It is a special case: all but one run (S130423_09) are unsaturated. Now the algorithm looks for the best reference run (which is the one with the most unsaturated isotopes: S130423_09 (8 unsaturated and 1 saturated)). Subsequently the new intensity values are calculated for run S130423_09 (all other runs are unsaturated and not touched at all). The correction factor between the unsaturated isotopes of S130423_09 and the reference (S130423_09, too) is 1. That's why the saturated value is replaced by the identical value (the requantification works: saturated value * reference correction factor; and reference correction factor = mean ( unsaturated isotopes / unsaturated reference isotopes).

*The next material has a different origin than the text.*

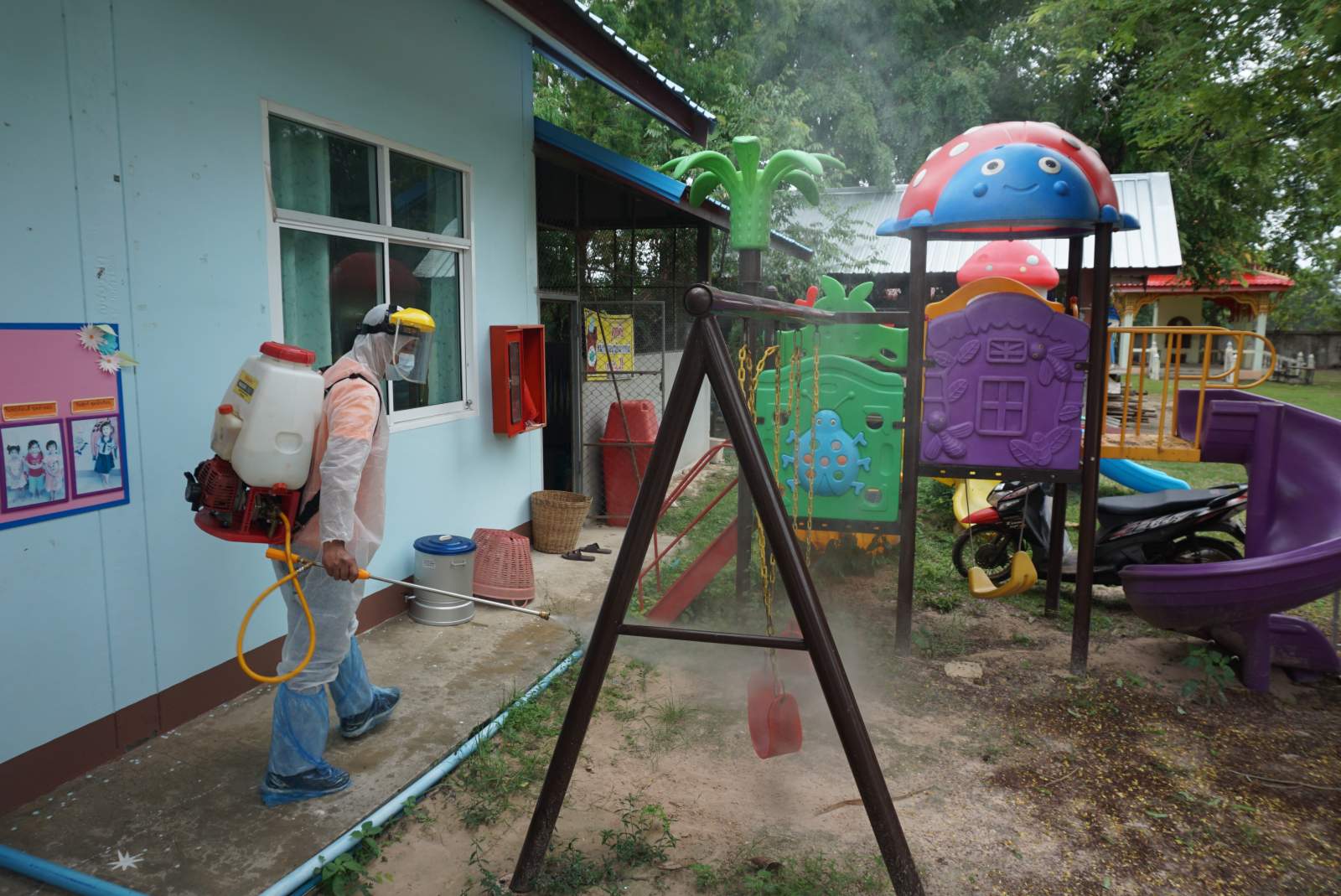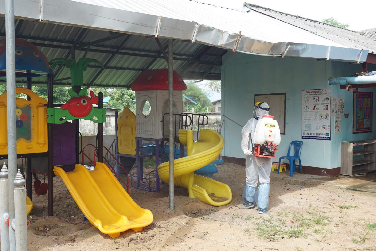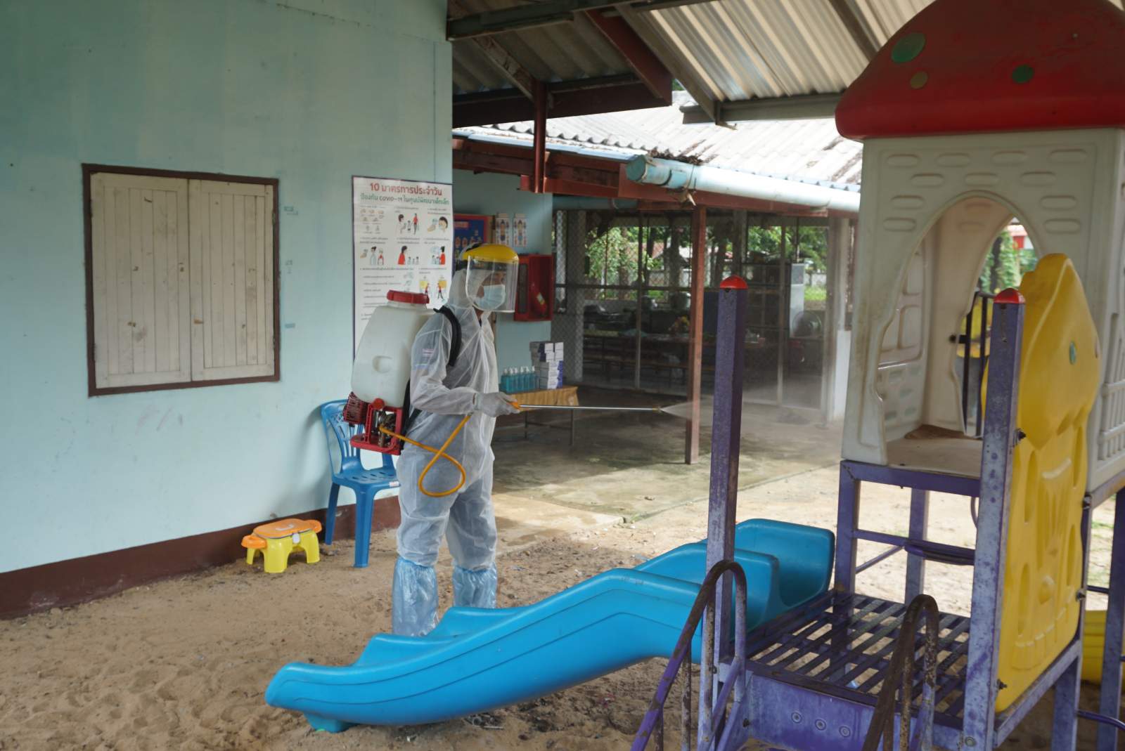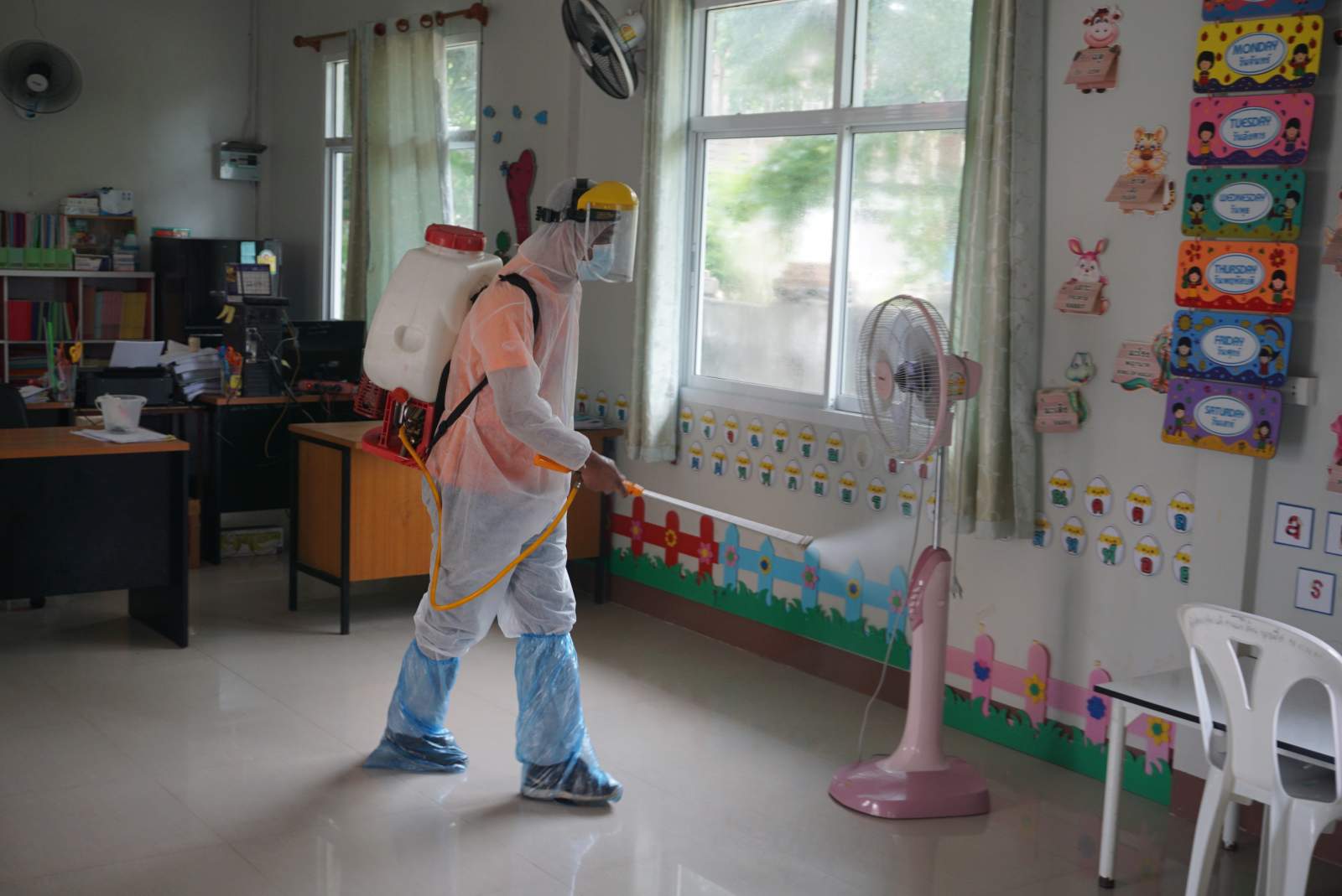 ฉีดน้ำยาฆ่าเชื้อในสถานศึกษา

So in this special case it is expected that the requantificated intensties are identical to the original onces.
requantify (poi, method = "sum", saturationThreshold= 3e4, onlyCommonIsotopes=FALSE) just removes isotope S130423_09:1_0 (that's why it differs slightly).

@sgibb
Copy link
Collaborator

sgibb commented May 22, 2016

For the ESNEITIIINPYRETVCFSVEPVK the only saturated run is also the reference run (same situation as for FFQELR above).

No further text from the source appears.